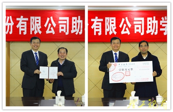 仪式在鸿远楼九楼会议室举行。吕传毅代表学校接受了捐赠,都光珍向刘子斌颁发了捐赠证书。
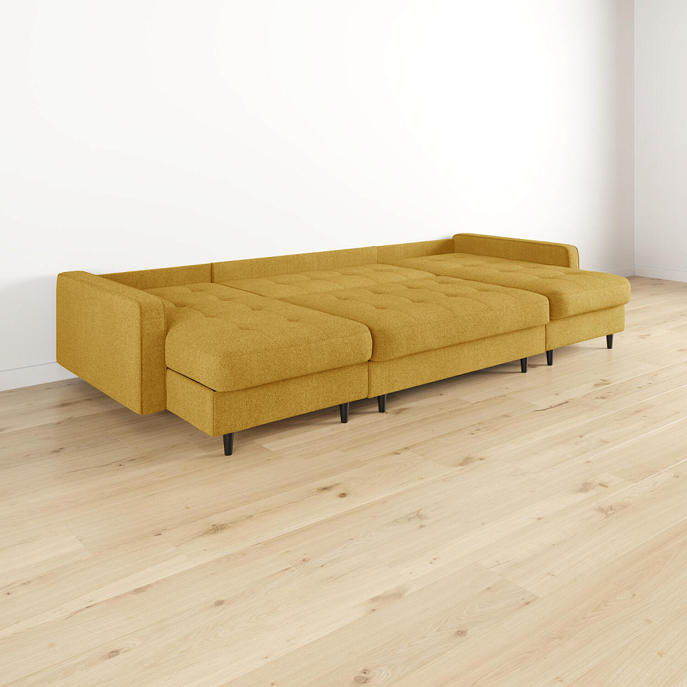 - Легкая уборка под диваном. Высокие опоры позволяют сохранять чистоту, в том числе и с помощью робота-пылесоса.
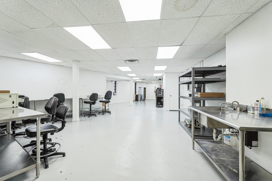 The interior has been thoughtfully updated over the past three years to meet today’s business standards. A spacious gallery-style reception area sets the tone for clients and visitors, complemented by a dedicated conference room and a comfortable break room with kitchenette. The layout includes two expansive lab or manufacturing areas—one on each level—providing versatility for production or technical work. Private offices, including an executive suite and additional offices overlooking the main floor, create an efficient workspace for leadership and staff alike.
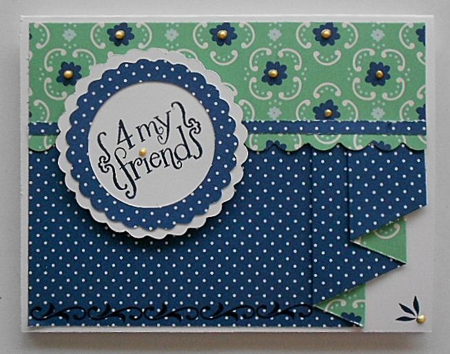 The stamps are CTMH. The white scalloped circle and navy layer are cuts on the CTMH cricut Art Philosophy cartridge. And I added dots of buttercup liquid pearls to the flower centers.

○ ○ ○ ○ ○ ○ ○

» **Requirement**: Using the data above, write out every line exactly, leaving the images behind.

» **Exercise response**:
 仪式在鸿远楼九楼会议室举行。吕传毅代表学校接受了捐赠,都光珍向刘子斌颁发了捐赠证书。
 - Легкая уборка под диваном. Высокие опоры позволяют сохранять чистоту, в том числе и с помощью робота-пылесоса.
 The interior has been thoughtfully updated over the past three years to meet today’s business standards. A spacious gallery-style reception area sets the tone for clients and visitors, complemented by a dedicated conference room and a comfortable break room with kitchenette. The layout includes two expansive lab or manufacturing areas—one on each level—providing versatility for production or technical work. Private offices, including an executive suite and additional offices overlooking the main floor, create an efficient workspace for leadership and staff alike.
 The stamps are CTMH. The white scalloped circle and navy layer are cuts on the CTMH cricut Art Philosophy cartridge. And I added dots of buttercup liquid pearls to the flower centers.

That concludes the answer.